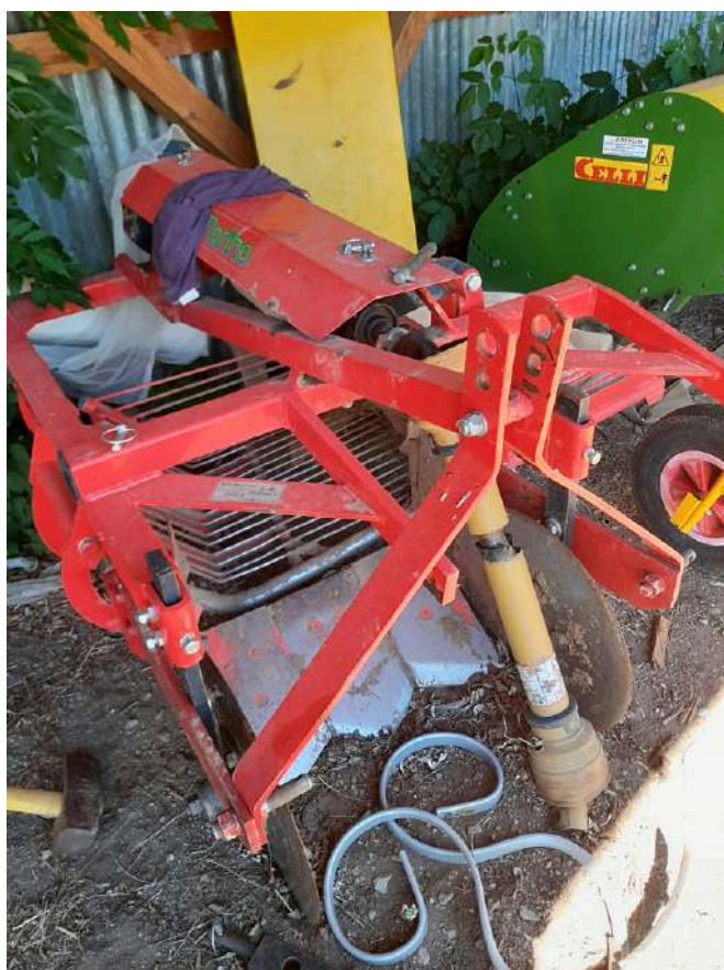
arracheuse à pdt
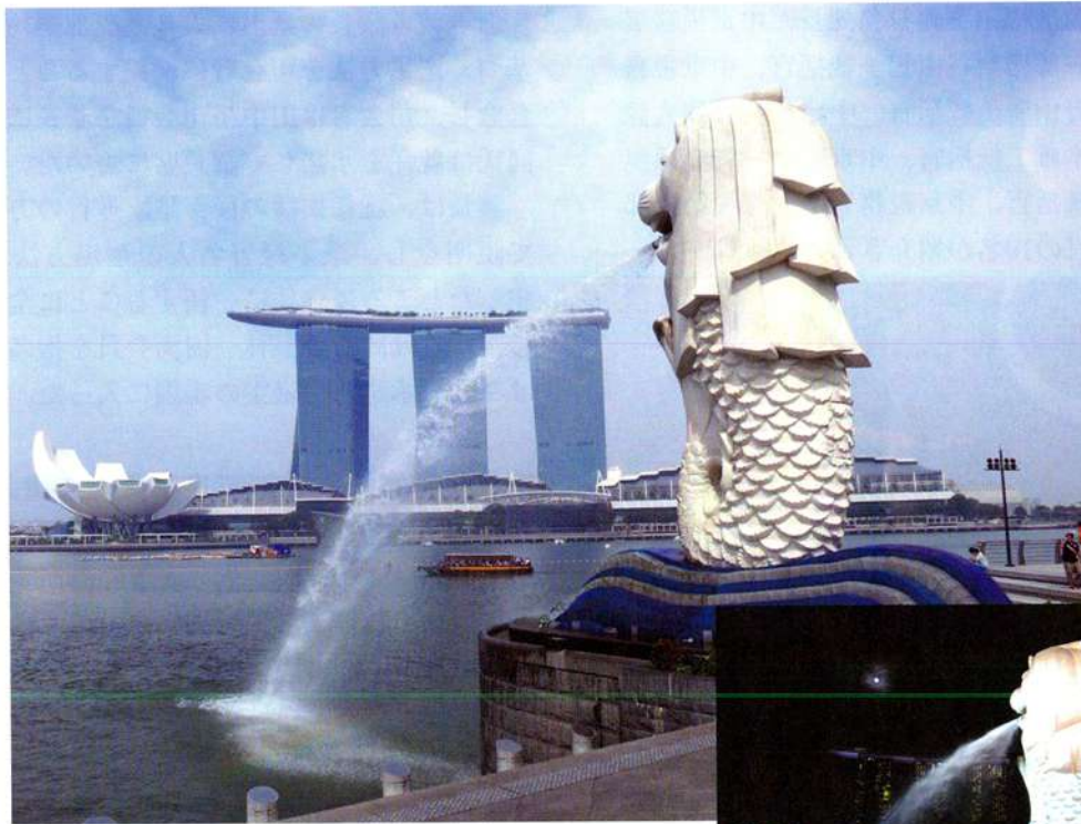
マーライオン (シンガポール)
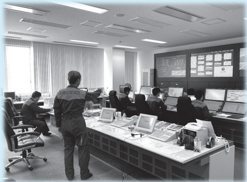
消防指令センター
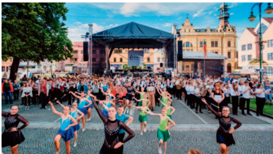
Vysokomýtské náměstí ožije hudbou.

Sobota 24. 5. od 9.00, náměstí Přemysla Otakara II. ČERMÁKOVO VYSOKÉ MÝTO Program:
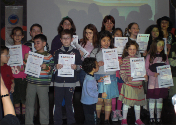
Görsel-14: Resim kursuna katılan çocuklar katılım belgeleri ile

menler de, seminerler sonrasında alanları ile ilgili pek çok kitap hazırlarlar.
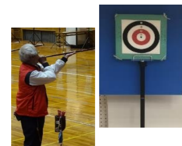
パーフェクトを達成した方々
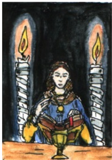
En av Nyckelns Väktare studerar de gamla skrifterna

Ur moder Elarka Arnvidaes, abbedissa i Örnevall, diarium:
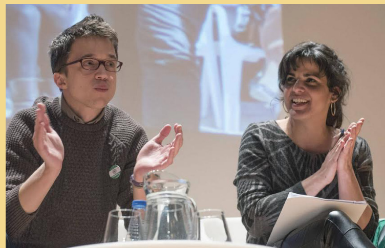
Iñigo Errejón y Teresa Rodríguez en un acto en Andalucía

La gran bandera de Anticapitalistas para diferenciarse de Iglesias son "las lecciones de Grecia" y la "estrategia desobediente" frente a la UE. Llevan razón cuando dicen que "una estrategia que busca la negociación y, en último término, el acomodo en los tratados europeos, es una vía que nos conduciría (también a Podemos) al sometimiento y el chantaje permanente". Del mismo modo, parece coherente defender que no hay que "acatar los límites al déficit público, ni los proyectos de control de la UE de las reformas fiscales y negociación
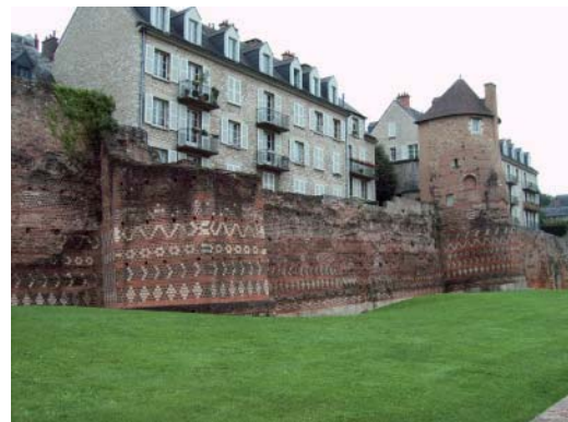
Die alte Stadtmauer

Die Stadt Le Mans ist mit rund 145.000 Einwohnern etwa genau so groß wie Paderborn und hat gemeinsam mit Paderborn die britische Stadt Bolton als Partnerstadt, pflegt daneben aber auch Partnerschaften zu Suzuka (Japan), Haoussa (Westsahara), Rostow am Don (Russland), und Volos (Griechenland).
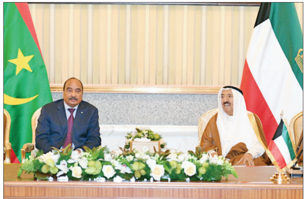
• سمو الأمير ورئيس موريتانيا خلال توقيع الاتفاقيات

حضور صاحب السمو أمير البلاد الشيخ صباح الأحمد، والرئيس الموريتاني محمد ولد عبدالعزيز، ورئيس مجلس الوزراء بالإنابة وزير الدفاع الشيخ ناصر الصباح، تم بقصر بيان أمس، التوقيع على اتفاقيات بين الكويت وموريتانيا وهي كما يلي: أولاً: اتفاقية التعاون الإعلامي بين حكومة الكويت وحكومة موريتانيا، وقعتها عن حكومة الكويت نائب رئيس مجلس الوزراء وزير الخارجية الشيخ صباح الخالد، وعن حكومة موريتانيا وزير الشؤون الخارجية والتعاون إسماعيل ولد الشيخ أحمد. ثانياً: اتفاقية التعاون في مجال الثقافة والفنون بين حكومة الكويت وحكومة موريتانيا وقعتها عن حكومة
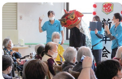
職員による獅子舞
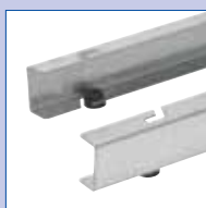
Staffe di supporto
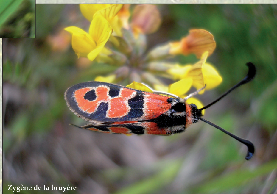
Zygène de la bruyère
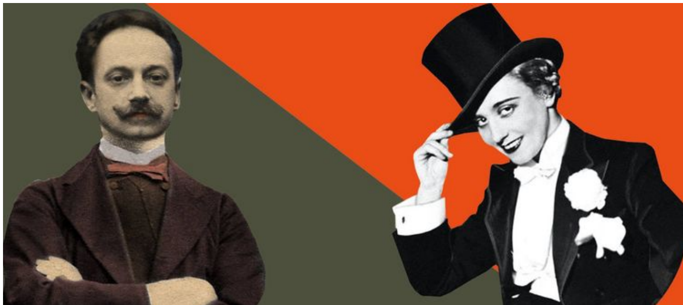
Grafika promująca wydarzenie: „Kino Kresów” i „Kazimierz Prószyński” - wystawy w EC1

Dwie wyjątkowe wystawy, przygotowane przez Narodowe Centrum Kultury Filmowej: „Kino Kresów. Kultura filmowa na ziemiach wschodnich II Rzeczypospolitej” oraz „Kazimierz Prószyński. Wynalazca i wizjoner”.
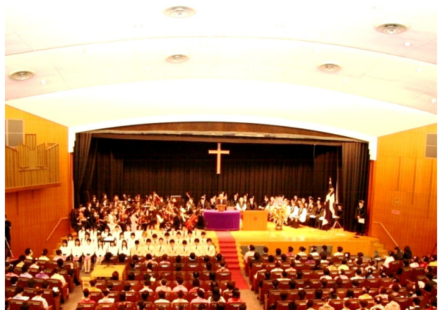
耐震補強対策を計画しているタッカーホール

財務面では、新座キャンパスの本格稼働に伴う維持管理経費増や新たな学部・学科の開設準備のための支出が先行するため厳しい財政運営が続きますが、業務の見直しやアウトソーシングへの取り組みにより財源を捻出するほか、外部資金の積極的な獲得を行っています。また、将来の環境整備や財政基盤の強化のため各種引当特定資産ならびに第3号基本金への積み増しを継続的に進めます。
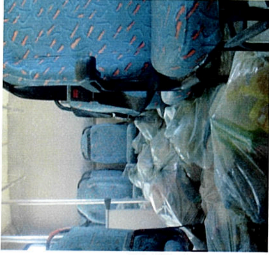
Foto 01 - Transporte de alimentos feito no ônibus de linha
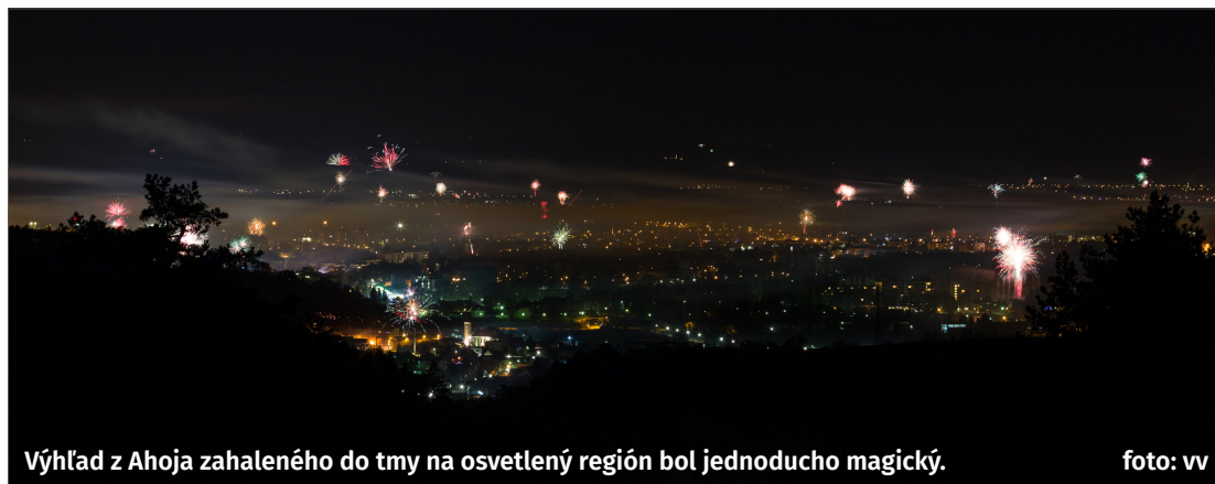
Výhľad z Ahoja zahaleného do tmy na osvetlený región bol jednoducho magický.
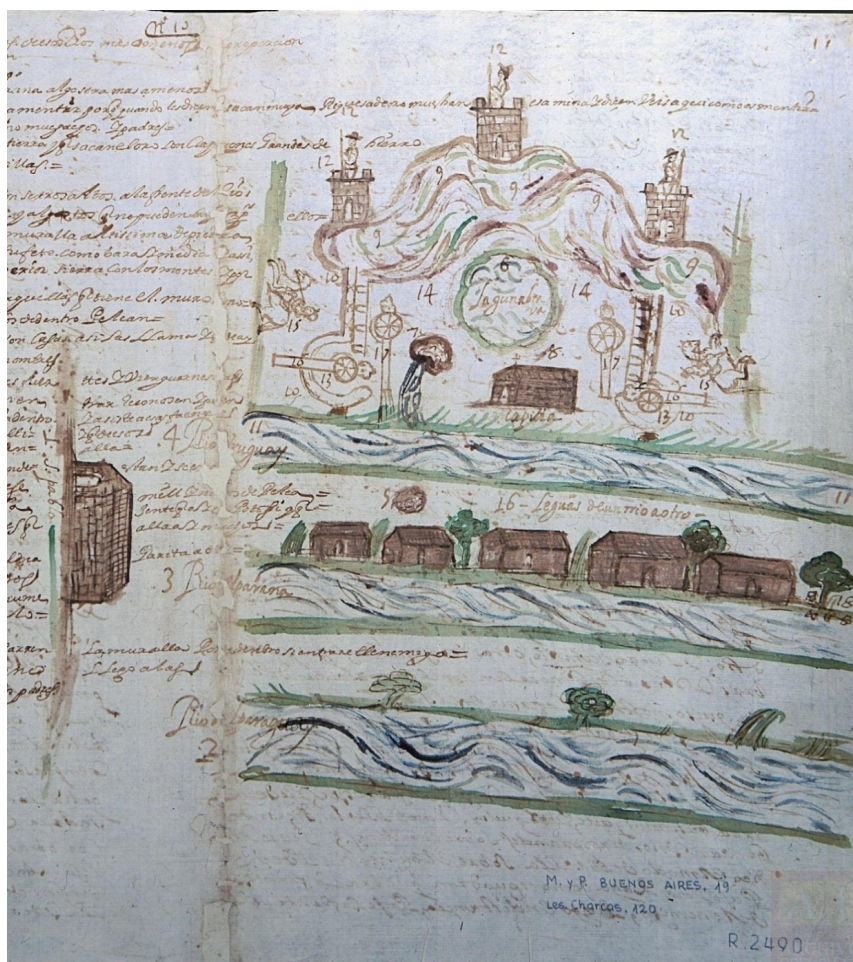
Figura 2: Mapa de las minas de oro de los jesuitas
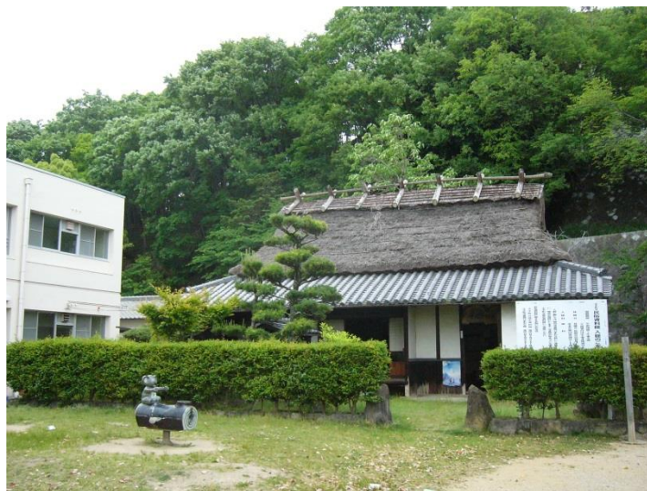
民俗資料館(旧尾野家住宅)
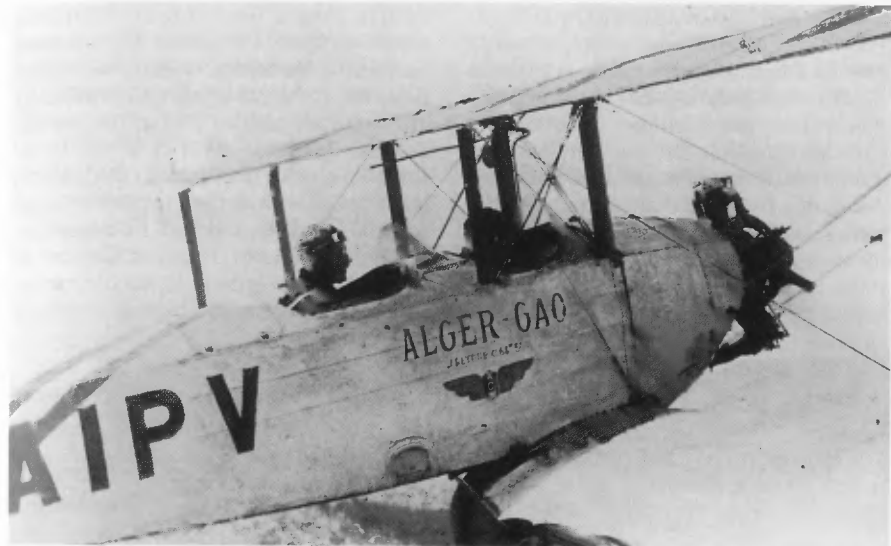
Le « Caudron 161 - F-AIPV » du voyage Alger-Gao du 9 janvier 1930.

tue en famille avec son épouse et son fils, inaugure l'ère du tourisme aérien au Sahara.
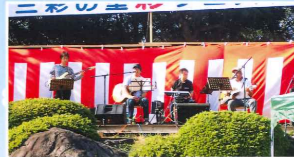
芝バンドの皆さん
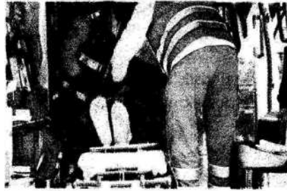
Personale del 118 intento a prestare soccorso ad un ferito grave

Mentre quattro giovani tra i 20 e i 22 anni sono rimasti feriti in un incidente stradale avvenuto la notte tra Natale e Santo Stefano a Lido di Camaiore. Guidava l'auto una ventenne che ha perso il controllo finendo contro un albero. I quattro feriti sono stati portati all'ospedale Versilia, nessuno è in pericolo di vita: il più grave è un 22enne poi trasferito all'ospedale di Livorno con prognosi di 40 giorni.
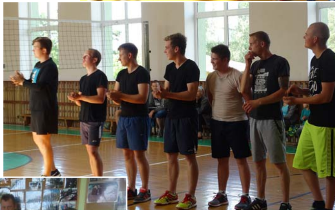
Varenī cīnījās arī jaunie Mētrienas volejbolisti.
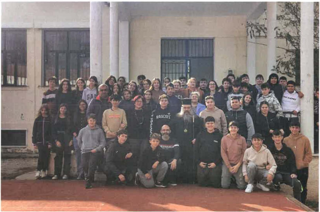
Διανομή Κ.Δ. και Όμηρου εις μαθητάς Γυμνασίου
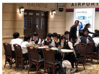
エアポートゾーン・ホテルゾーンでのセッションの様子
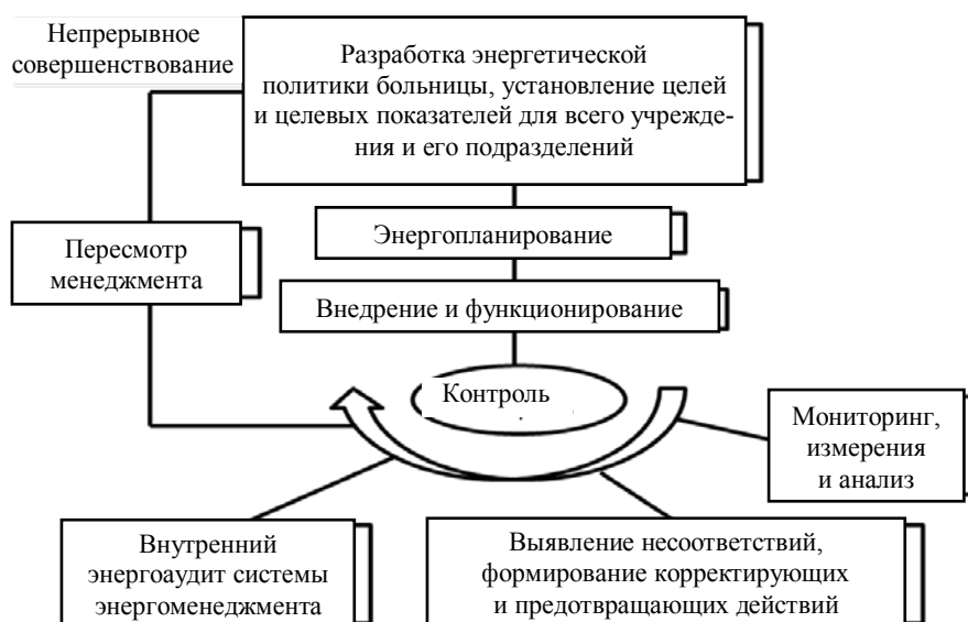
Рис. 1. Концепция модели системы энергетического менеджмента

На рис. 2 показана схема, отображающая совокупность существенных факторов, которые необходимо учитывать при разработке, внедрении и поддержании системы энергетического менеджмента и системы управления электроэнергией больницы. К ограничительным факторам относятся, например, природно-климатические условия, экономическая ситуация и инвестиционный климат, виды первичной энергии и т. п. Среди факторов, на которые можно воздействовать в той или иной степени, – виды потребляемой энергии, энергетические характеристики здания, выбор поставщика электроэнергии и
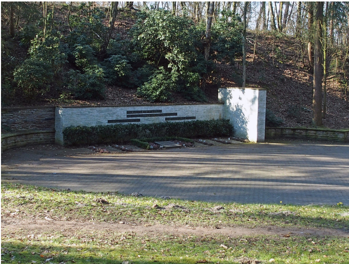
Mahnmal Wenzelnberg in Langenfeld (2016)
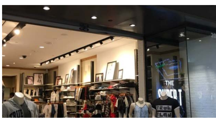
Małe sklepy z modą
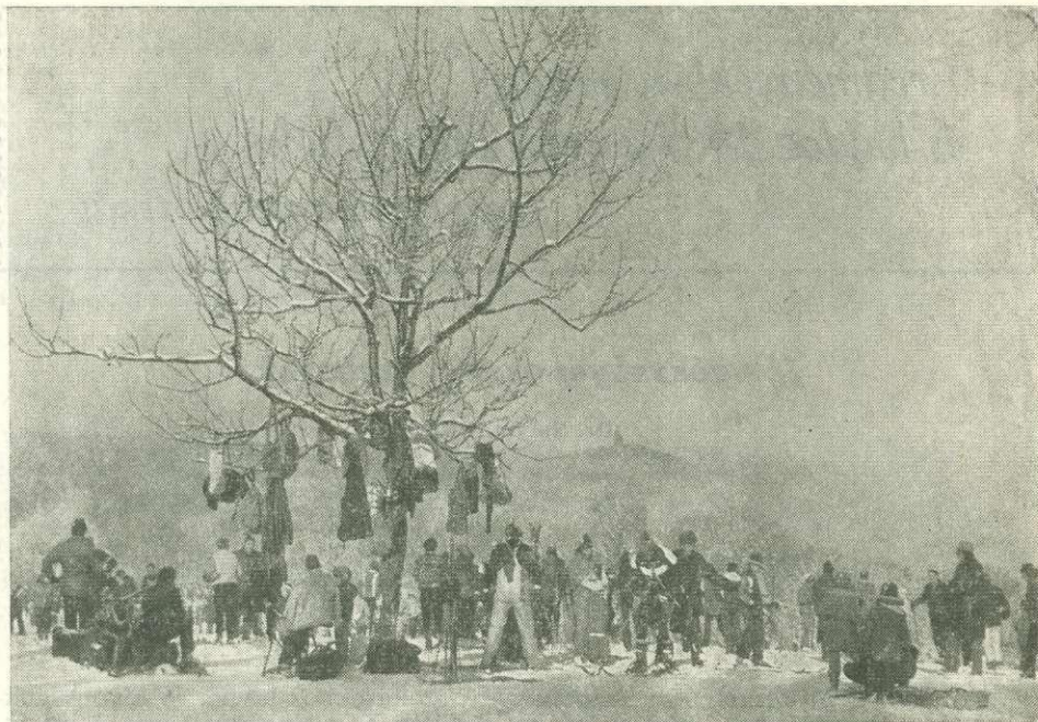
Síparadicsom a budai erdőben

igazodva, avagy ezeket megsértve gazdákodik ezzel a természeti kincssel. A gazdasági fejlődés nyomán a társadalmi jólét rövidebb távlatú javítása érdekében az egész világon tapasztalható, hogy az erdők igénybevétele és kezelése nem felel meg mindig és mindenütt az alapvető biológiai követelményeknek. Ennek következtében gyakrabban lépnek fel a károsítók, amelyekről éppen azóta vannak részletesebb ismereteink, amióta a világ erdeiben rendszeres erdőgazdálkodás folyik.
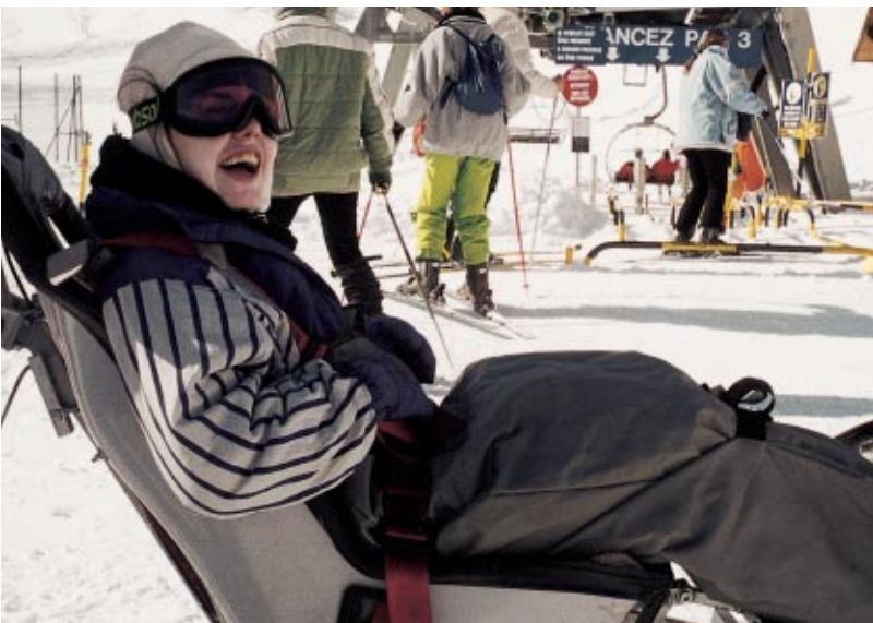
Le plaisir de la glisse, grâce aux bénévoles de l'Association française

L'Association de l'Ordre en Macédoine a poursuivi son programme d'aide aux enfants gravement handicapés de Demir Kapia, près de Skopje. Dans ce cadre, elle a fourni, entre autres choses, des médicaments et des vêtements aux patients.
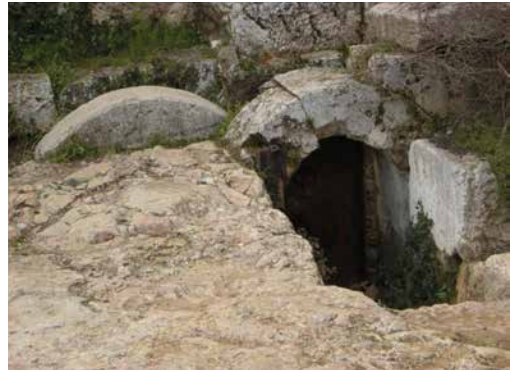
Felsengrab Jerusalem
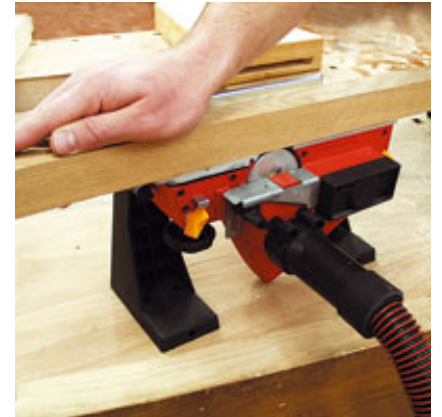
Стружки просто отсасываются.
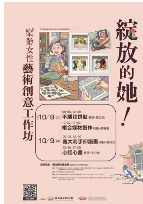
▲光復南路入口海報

.....

To do :: Lines from the one containing "igazodva, avagy ezeket" through the end of the material above must be reproduced exactly; pictures must not be.

Exercise output ::
igazodva, avagy ezeket megsértve gazdákodik ezzel a természeti kincssel. A gazdasági fejlődés nyomán a társadalmi jólét rövidebb távlatú javítása érdekében az egész világon tapasztalható, hogy az erdők igénybevétele és kezelése nem felel meg mindig és mindenütt az alapvető biológiai követelményeknek. Ennek következtében gyakrabban lépnek fel a károsítók, amelyekről éppen azóta vannak részletesebb ismereteink, amióta a világ erdeiben rendszeres erdőgazdálkodás folyik.
Le plaisir de la glisse, grâce aux bénévoles de l'Association française

L'Association de l'Ordre en Macédoine a poursuivi son programme d'aide aux enfants gravement handicapés de Demir Kapia, près de Skopje. Dans ce cadre, elle a fourni, entre autres choses, des médicaments et des vêtements aux patients.
Felsengrab Jerusalem
Стружки просто отсасываются.
▲光復南路入口海報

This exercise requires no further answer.